If you want a news source that does not hold its viewers and listeners in the same sort of contempt that corporate media does, try this viewer-supported daily show, "The War & Peace Report":

http://www.democracynow.org

Most of us want basic healthcare for our families, and basic education and nutrition for our children. We don't want our tax dollars spent bombing innocent civilians and ruining whole societies in order to enforce the economic policies of powerful elites in Western countries and their ruthless accomplices across the globe.

Get informed. Decide for yourself:

http://www.chomsky.info

Get involved. Or, if it suits you, refuse participation when necessary. Don't be manipulated by the periodic conjuring of boogymen, witches, and evil-doers (or immigrants, Communists, Drug Warlords, and terrorists) by men and women who strike heroic poses in front of the camera but who live behind gated communities and whose children do not have to suffer the consequences of their narrow-minded, short-sighted policies.

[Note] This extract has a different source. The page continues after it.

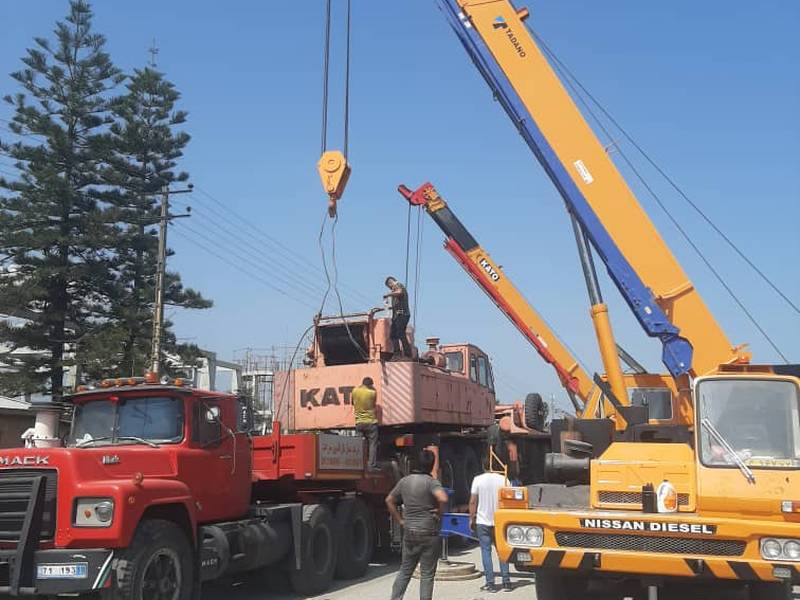 دمونتاژ جرثقیل ۱۲۰ تن کاتو توسط جرثقیل ۵۰ و ۲۵ تن

There is no authority beyond what you grant. Get involved by getting out of line. It is a matter of class when you've raised your hand patiently and have not been called upon that you raise your voice. Find common ground with those around you and work toward common goals. Your daily actions are defiant elections that are tallied--without fail and without fraud--by time itself.

Take Care,
George

Monday, July 03, 2006

Come Travel with Me



Today, ladies and gentlemen, I, your host, Jor "San Pedro de la Velazquez y Toro Rojo" Jazzar, will be taking you on a curious little tour to some curious little places....

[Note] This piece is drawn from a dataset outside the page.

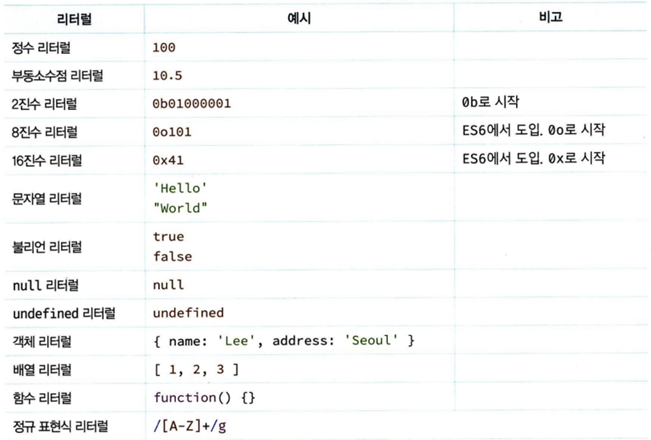 리터럴(literal)은 사람이 이해할 수 있는 문자 또는 약속된 기호로 값을 생성하는 표기법이다

But first, to fully enjoy this pleasure cruise, you must download Google Earth from Google at http://earth.google.com

Now then, if you would all open your Google Earth program and enter the following location: Charcani Grande, Peru

In one of my many meanderings I discovered this little gem of a spot tucked snuggly between two huge volcanoes, El Misti and Nevado Chachani. It seems to be a resort of sorts. I would be inclined (especially if I were there...yuk-yuk!) to call it the "last resort", given it's precarious location.

As if it weren't enough to find this little hole in the world, I was delighted and intrigued to find various messages written into the sides of these mountains, large enough to be from these satelite images.

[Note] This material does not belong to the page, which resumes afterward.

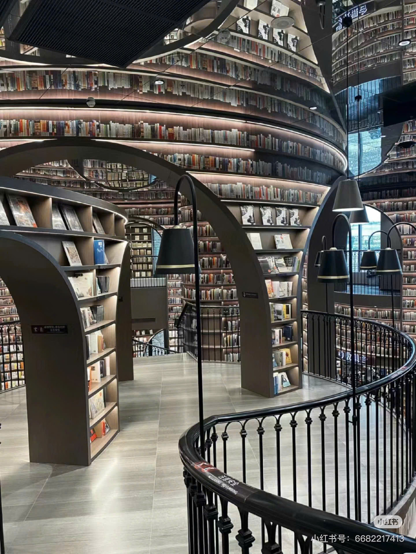 Đáng nói, thiết kế của hiệu sách sử dụng gương để tạo hiệu ứng không gian vô tận, khiến người xem cảm giác như đang lạc vào thế giới phép thuật Harry Potter. Những vòng cung và cầu thang độc đáo gợi lên sự tương tác giữa con người và tri thức, từng bước bước đến kho tàng kiến thức khổng lồ.
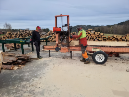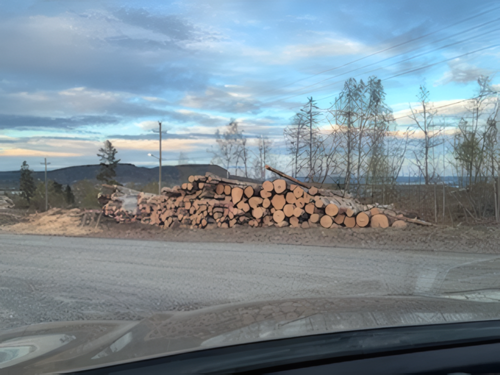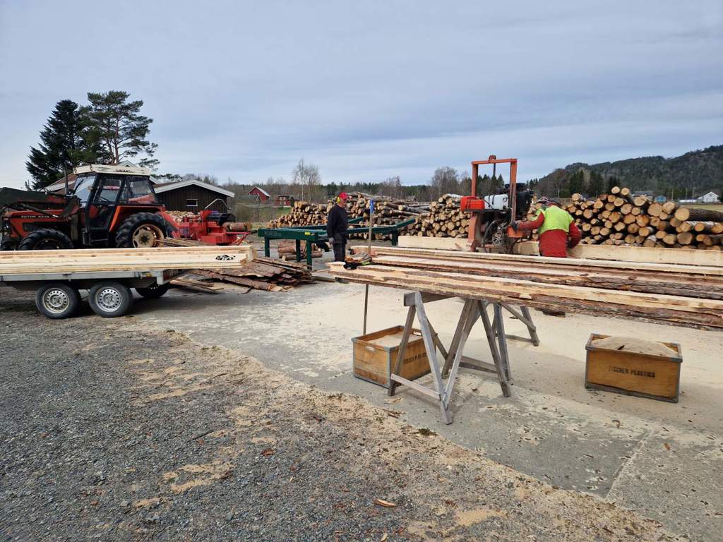 For eksempel har vi hentet materialer til ny gapahuk fra Aamodtsaga, som stables på Vøyen for tørking gjennom sommeren. Dette er viktig arbeid, som blant annet krever fjerning av bark fra kanten av materialene før omstabling.

What could they be, I wondered. One of them reads "DIOS PATRIA LEY". Another reads "ESCUELA TECNICO SUPERIOR AREQUIPA". And there are others, too, some legible and some not. My best guess, as a naive cyber-world traveler and budding anthropologist was that these must be some kind of prayers or pleas to the volcano gods begging not to be destroyed.

I had good evidence to support these conclusions. For instance, I knew that "DIOS" is spanish for "God". And when I looked on the other side of the volcano, I could see that much of the neighboring city, Arequipa, had been destroyed by a relatively recent eruption. So these must be messages stemming from that basic cultural impulse of a people who have had to contend with these supernatural forces for millenia--messages of a religious people, powerless over nature.

Then came the research to confirm my rather hasty conclusion.

To my humbling bemusement, these were not the primitive sort of archeo-religious relics that I thought they were. Instead, I found that they are no more than nationalistic slogans and advertisements!! "DIOS PATRIA LEY" means "God, Mother-Country, Law". And "ESCUELA TECNICO SUPERIOR AREQUIPA" seems to be no more than a rough-hewn billboard saying "The superior technical school: Arequipa".

And I'd also found more in the neighboring city. One says "LA NESTLE LECHERA [large space] CAFE VALENZUELA", which I take to mean "Nestle milk [at] Cafe Valenzuela". Another one, in a rather action-packed font reads "TOL[-not clear, maybe 'EO'] ZAMA". This one is a mystery to me. It may be interesting though. Bonus points for anyone who can come up with its meaning.

Next time, come with me to Fallujah, Iraq, and see from above what a city under siege looks like. Or maybe we'll visit Caracas, Venezuela, in recent history a city with perhaps the starkest contrast between rich and poor, a trend slowly being reversed by the vast social reform undertaken by the villified Hugo Chavez who has nationalized most of the oil resources in this country to provide social services like health care and education to the poor.